State of play 17 Mar 2026 09:48
Metals One is increasingly looking less like a standard junior explorer and more like a hybrid mining investment vehicle with multiple near-term shots on goal across gold, copper, uranium, lithium, graphite, nickel and PGEs. What makes it interesting is that there are catalysts at three levels at once: direct MET1-owned projects, strategic equity investments, and structured financing exposure that links parts of the ecosystem together.
The biggest near-term swing factor remains the South African gold strategy. MET1 has exposure here through its 19.1% holding in Lions Bay Capital, its direct 5% stake in Lions Bay Resources, and its US$1.8m convertible loan note exposure to LBR which, if fully converted, could take its LBR interest to at least 30% on a fully diluted basis. The key point is that the Vantage Goldfields situation and the cogeneration / gold roaster plant are not separate stories. They are part of one dependency chain.

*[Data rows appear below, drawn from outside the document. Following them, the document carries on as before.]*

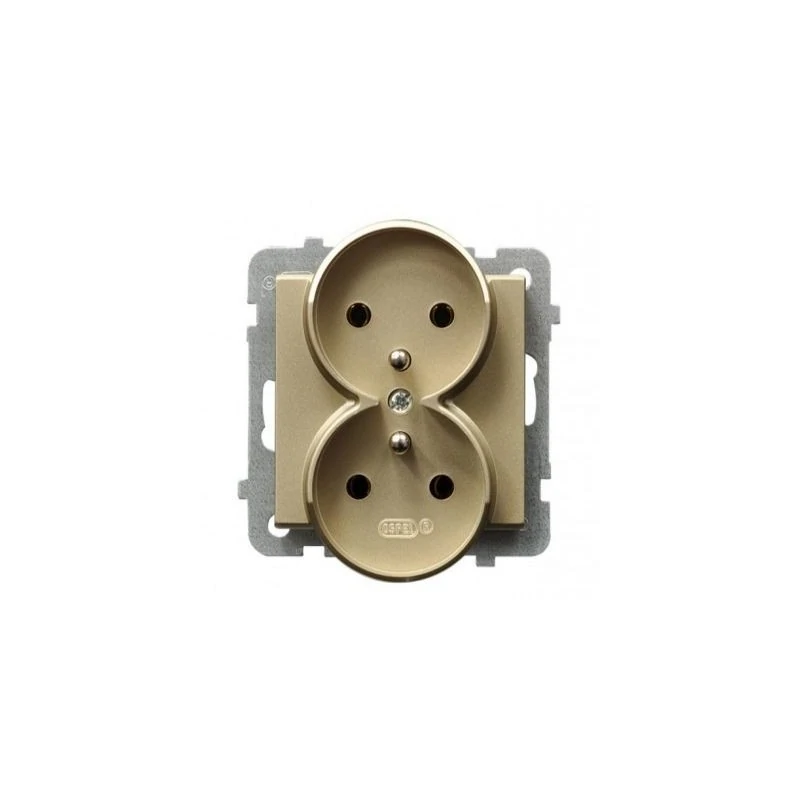 Gniazdo wtyczkowe modułowe w systemie ramkowym (bez ramki), z uziemieniem podwójne podtynkowe OSPEL - SONATA GP-2RRZ/m/39 w kolorze złotym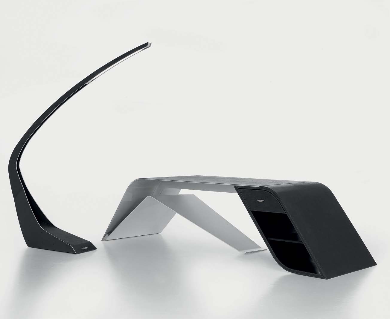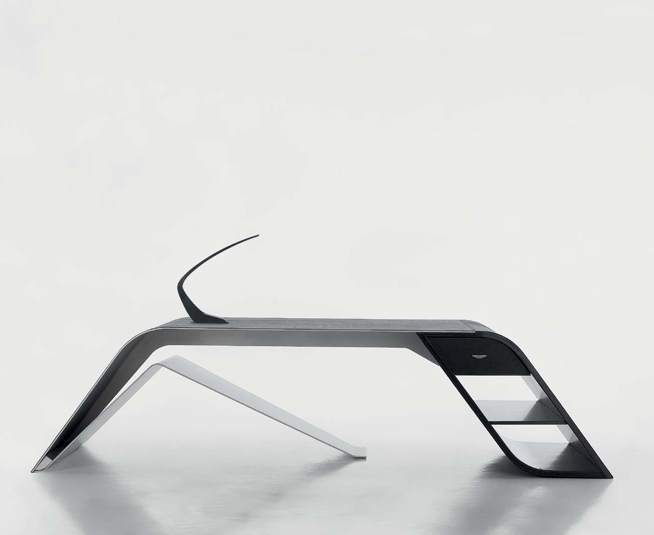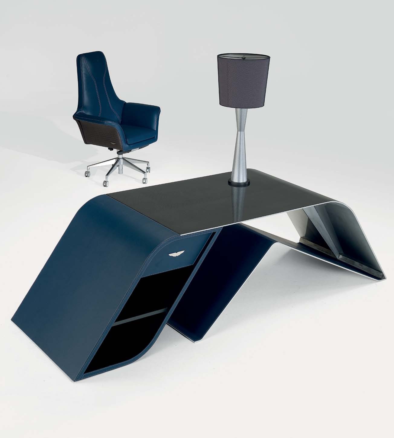 Desk V004 from the Italian manufacturer Formitalia. The model collection Aston Martin. Wooden table top, base made of aluminum. Trim - leather, from the company portfolio or carbon. Offers a wide range of colors.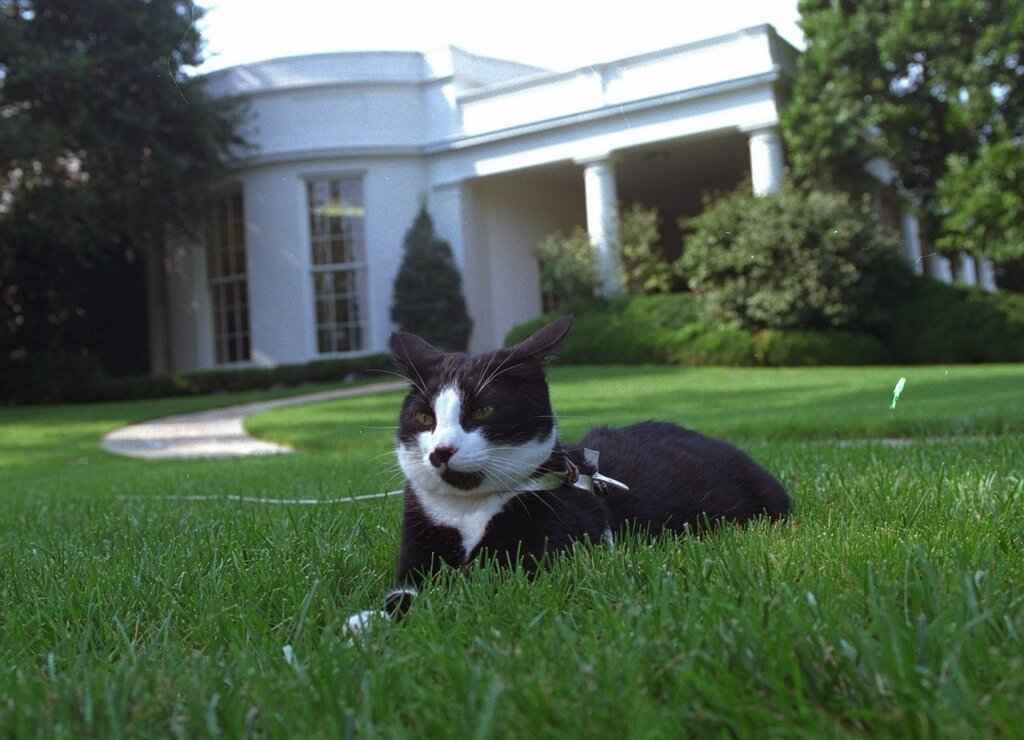 First cat Socks rests in the grass outside the Oval Office of the White House Friday Aug. 26, 1994. President Clinton and family are expected to leave the White House Friday for Martha's Vineyard off the Massachusetts coast for a vacation with Socks staying behind. (AP Photo/Marcy Nighswander)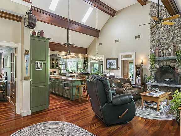 Builder's dream come true! Custom Shingle-style home on 1.5+ acre corner lot is the personal home of one of the North Shore's most accomplished builders. Designed to accommodate varying lifestyles from family living to empty nesters, this 4-bedroom, 5-bath residence has exceptional amenities amidst superb craftsmanship and state-of-the-art systems. The 2-story chef's, eat-in granite kitchen offers custom cabinetry and huge center island is fully open to a spacious great room with a stone-front Rumford fireplace soaring to the cathedral ceiling with mahogany wrapped beams. Brazilian cherry floors accent every room including the 1st-floor master suite with a cove ceiling and en suite bath with a skylight. The finished lower level with a full kitchen, bath, living room and bedroom is ideal guest quarters or in-law/au pair suite. Lush landscaping is the backdrop for a 5-bay garage (2 heated) suitable for boat/antique cars has a half-bath and office. A home for all seasons!

If LBR secures the Vantage assets, that acquisition could potentially provide the feed for the roaster project, while the plant itself is intended to produce power and process pyritic gold concentrates. In simple terms, Vantage plus the plant equals the outline of a vertically integrated South African gold business. That is why the court outcome, plant option, CPR work and any financing or restart pathway all matter so much.
An important structural detail that was easy to miss at first is the MET1 loan to Lions Bay Capital. This is not just a loose relationship between investee companies. The C$4m loan is secured by first-ranking security over Lions Bay’s Fidelity Minerals shares, LBR shares, loan accounts to LBR and GNT Mining debt. That creates a real financing bridge between the South African gold strategy and the Peru exposure. In other words, MET1 is not only exposed to Lions Bay and Fidelity through equity ownership, it also has secured financing leverage across that part of the structure. That makes the Lions Bay / LBR / Fidelity ecosystem more meaningful than it first appears.
On Fidelity Minerals, MET1 now has roughly 12.96% exposure and this is another one with tangible near-term news flow. The big immediate catalyst is Las Huaquillas access. Fidelity has now signed the surface access agreement and is building the access road needed to reach the historic underground workings and planned exploration areas. Once that road is completed, the next steps are underground sampling, confirmation of historical grades, drilling preparation and work toward a new NI 43-101 compliant resource. There is also a second layer here which the market may not fully value yet: Las Huaquillas is not just a brownfield gold story, it also carries copper porphyry upside flanking the epithermal gold system.